[Feature Request] Multimodal RAG support for custom retrievers
Problem Description
Agno doesn't support multimodal rag out of the box in RAG, however users can implement custom retrievers but the issue with custom retrievers is that the current implementation doesn't handle non-text content types like images, audio, and video. This makes it difficult to build comprehensive retrieval pipelines that can process and retrieve multimodal information seamlessly.
Proposed Solution
Implement multimodal RAG support for custom retrievers that can extract and process various media types (images, audio, video) from the knowledge base. The solution should:
- Provide a standardized interface for custom retrievers to access these media elements
- Allow the extracted media to be added to dedicated object list for the agent based on media type (images, audio, videos)
- Support vector embeddings for these media types to enable similarity search
- Ensure the retriever can return both the document context and the associated media elements in search results
The implementation should maintain backward compatibility with existing text-based retrieval systems while extending functionality to handle multimodal content.
Alternatives Considered
I've explored a few workarounds but none provide a complete solution:
-
Add non-text content as part of the metadata for the current
agno.documentsetup. This approach keeps the document content as text-only while storing images, audio, or video as metadata. While this maintains backward compatibility, it creates an artificial separation between text and other modalities, making it difficult to treat all content types with equal importance in retrieval. -
Generalize the
agno.documentclass to work for all modalities i.e., its member variablecontentcan be any modality (text, image, audio, video). This approach would require significant refactoring of existing code that assumes content is text-based, potentially breaking compatibility with current implementations.
Both approaches present challenges in determining whether non-text content should be treated as primary content or supplementary metadata, making it difficult to choose a consistent approach that works well across different use cases.
Additional context
Would you like to work on this?
[ ] Yes, I'd love to work on it!
[x] I'm open to collaborating but need guidance.
[ ] No, I'm just sharing the idea.
Hey @DavidAkinpelu, Thank you so much for raising this — really appreciate you taking the time to share your thoughts! I’ll add this to our community wishlist and bring it up with the team internally.

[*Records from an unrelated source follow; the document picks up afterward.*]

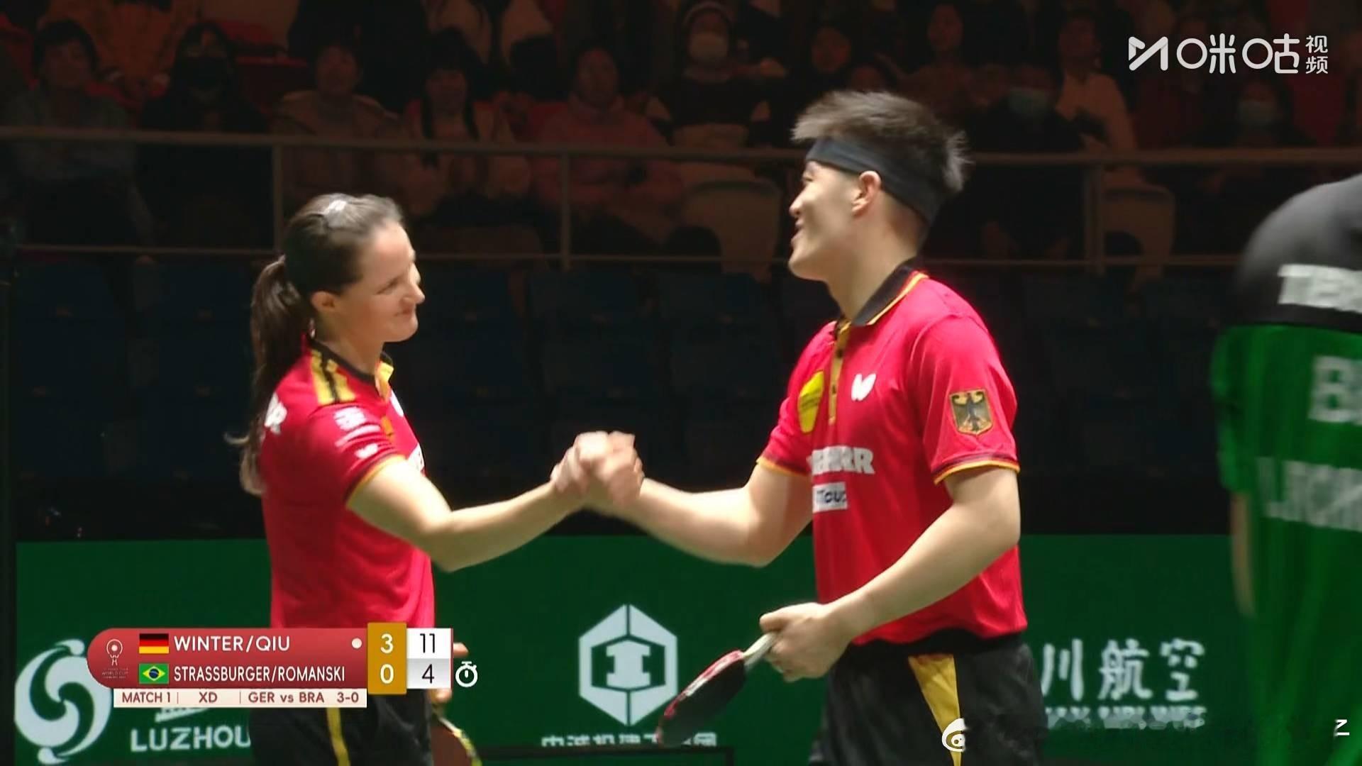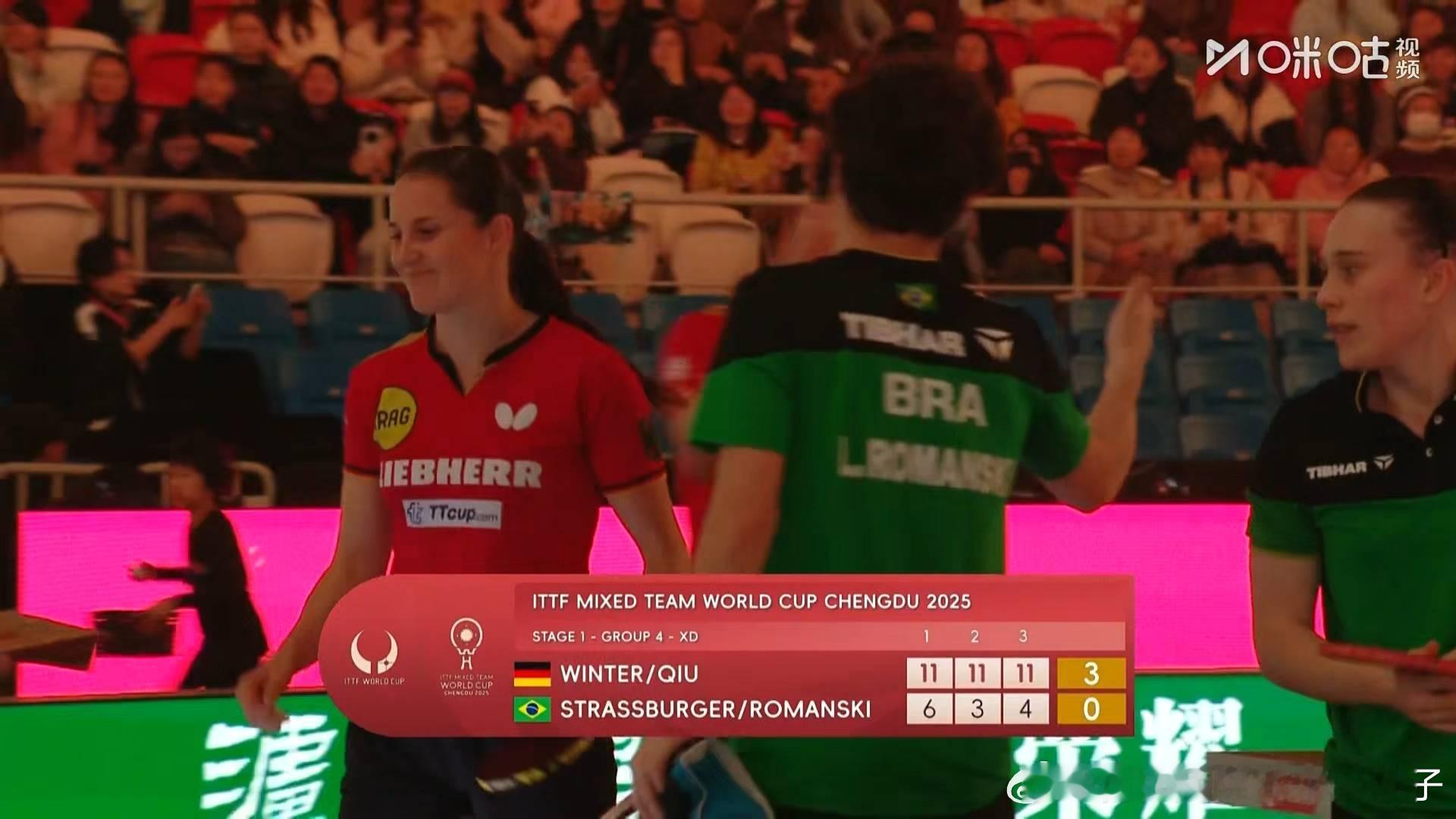 邱党温特3比2斯特拉斯伯格罗曼斯基(6,3,4)第二盘:尼娜VS劳拉渡边德国队三比零巴西队2025年国际乒联成都混合团体世界杯小组赛
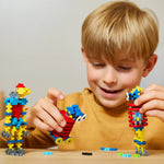¡Plus-Plus es una forma con infinitas posibilidades! ¡Pon a funcionar tu creatividad construyendo 5 robots únicos, luego mezcla y combina brazos, piernas y cuerpos o crea un robot que sea completamente tuyo!
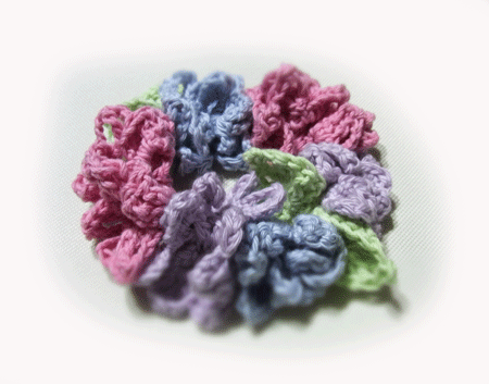 試しに目数とかいろいろ変えて編んだので、ちょっとお花部分の大きさがバラバラです。 (^-^;
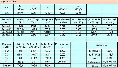 نقرأ في الجدول مقدار الحرارة التي زودناها للنظام، ونفترض الهواء كالغاز المستخدم وبأنه غاز مثالي. نحصل على :
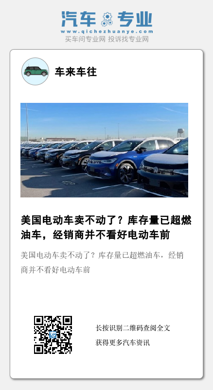 尽管电动汽车在经销商车库中停留的时间更长,但与燃油车对比的数据表明,电动汽车销售增长速度比燃油车更快,这意味着它们仍在不断扩大市场份额,如2023年第一季度仅电动车就已占据新车销量的7%。而导致电动汽车在经销商库存中停留时间更长的因素之一,可能是电动汽车技术的发展速度已经不那么快了。且随着二手车市场上电动车数量的增长,使得新车的库存周期也随之延长。

Also, since Agno is open source, if you feel excited about it, feel free to tag a GO and take a crack at building it! We’d absolutely love to see your contribution and are always happy to support community-led efforts 🙌
Hey @monali7-d I am open to contributing. There are different ways to go about this, just like I mentioned above. Let me know which approach the team prefers and I will make a PR.
Hey @DavidAkinpelu, Thanks again for sharing this! We're adding it to our roadmap. If you're still interested, feel free to give it a go — we'd love to see what you come up with. And of course, if you run into any issues or have questions, don’t hesitate to reach out. We're here to help!